_ENTRIES SUPPLIED_:
********

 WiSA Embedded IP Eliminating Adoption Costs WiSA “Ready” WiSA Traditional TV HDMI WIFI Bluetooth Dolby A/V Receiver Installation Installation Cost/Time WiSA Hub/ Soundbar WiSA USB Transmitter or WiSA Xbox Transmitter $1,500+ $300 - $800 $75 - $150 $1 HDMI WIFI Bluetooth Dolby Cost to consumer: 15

********

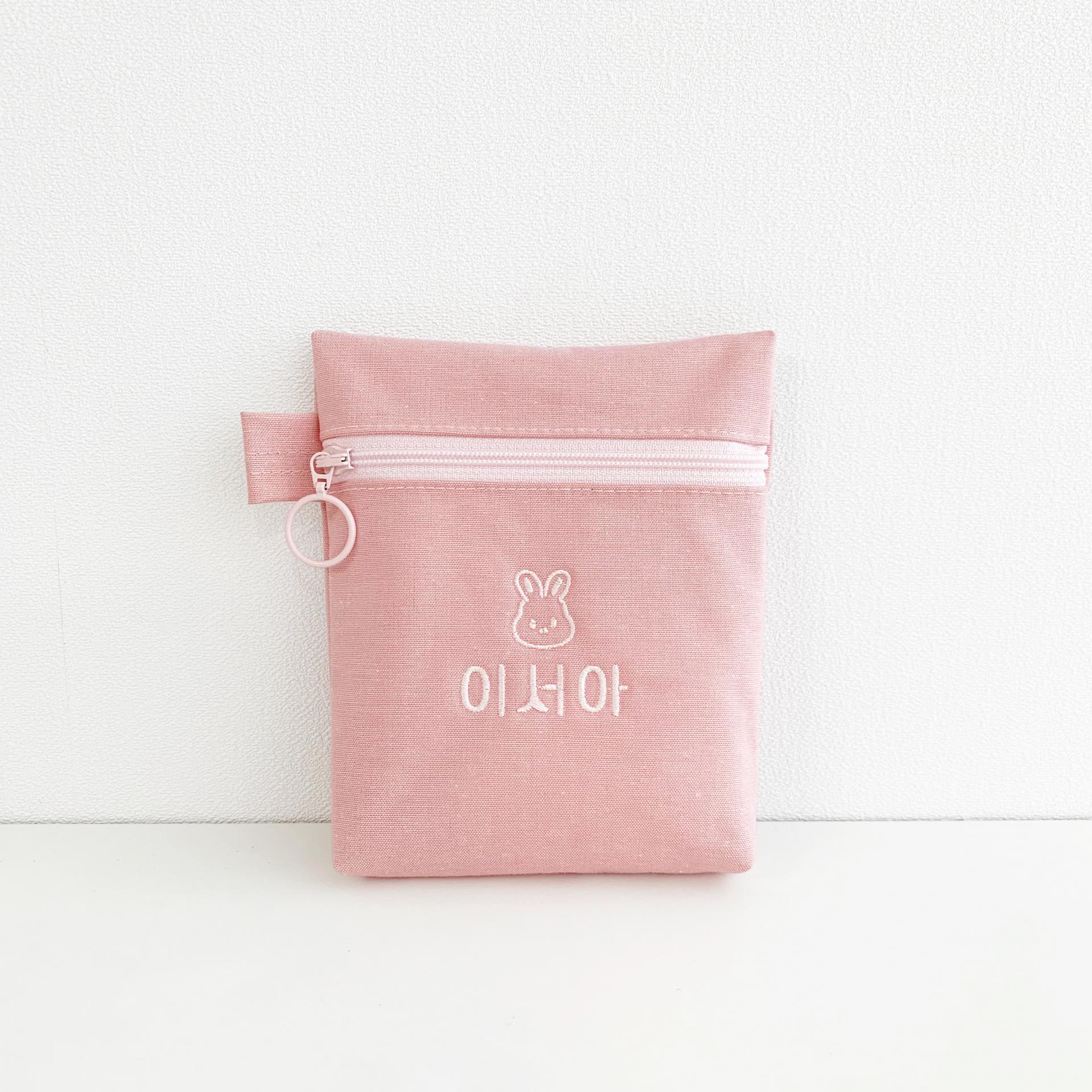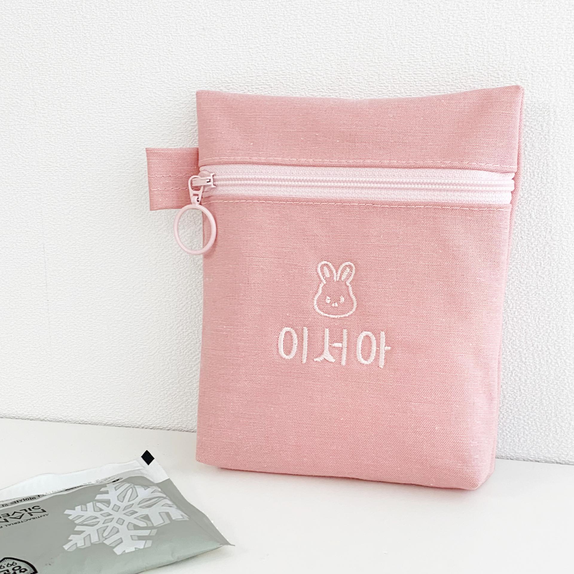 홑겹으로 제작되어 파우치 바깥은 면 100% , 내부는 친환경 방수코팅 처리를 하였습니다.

********

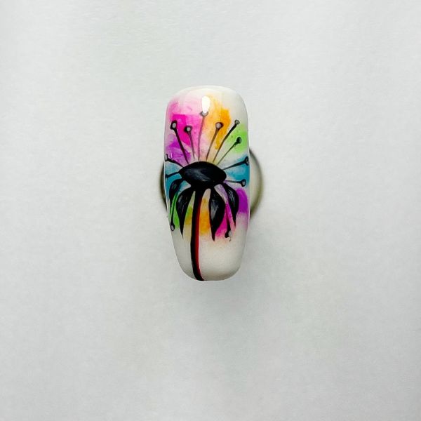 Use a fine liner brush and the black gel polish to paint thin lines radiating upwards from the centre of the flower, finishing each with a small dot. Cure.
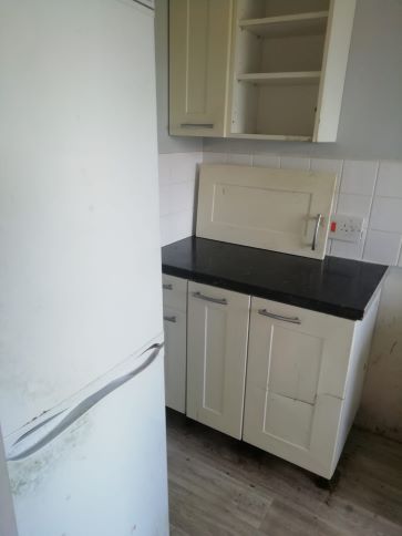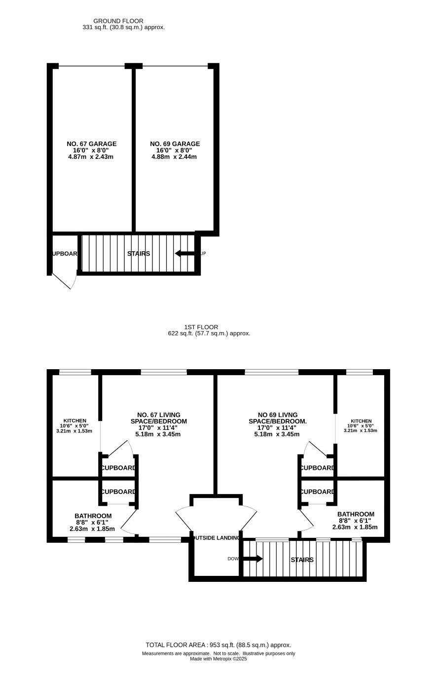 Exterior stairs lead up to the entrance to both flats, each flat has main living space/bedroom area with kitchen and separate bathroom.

********

_EXERCISE BRIEF_:
Respond with the exact lines above running from the one containing "Use a fine liner" to the one containing "Exterior stairs lead", both ends kept and no pictures included.

_TASK OUTPUT_:
 Use a fine liner brush and the black gel polish to paint thin lines radiating upwards from the centre of the flower, finishing each with a small dot. Cure.
 Exterior stairs lead up to the entrance to both flats, each flat has main living space/bedroom area with kitchen and separate bathroom.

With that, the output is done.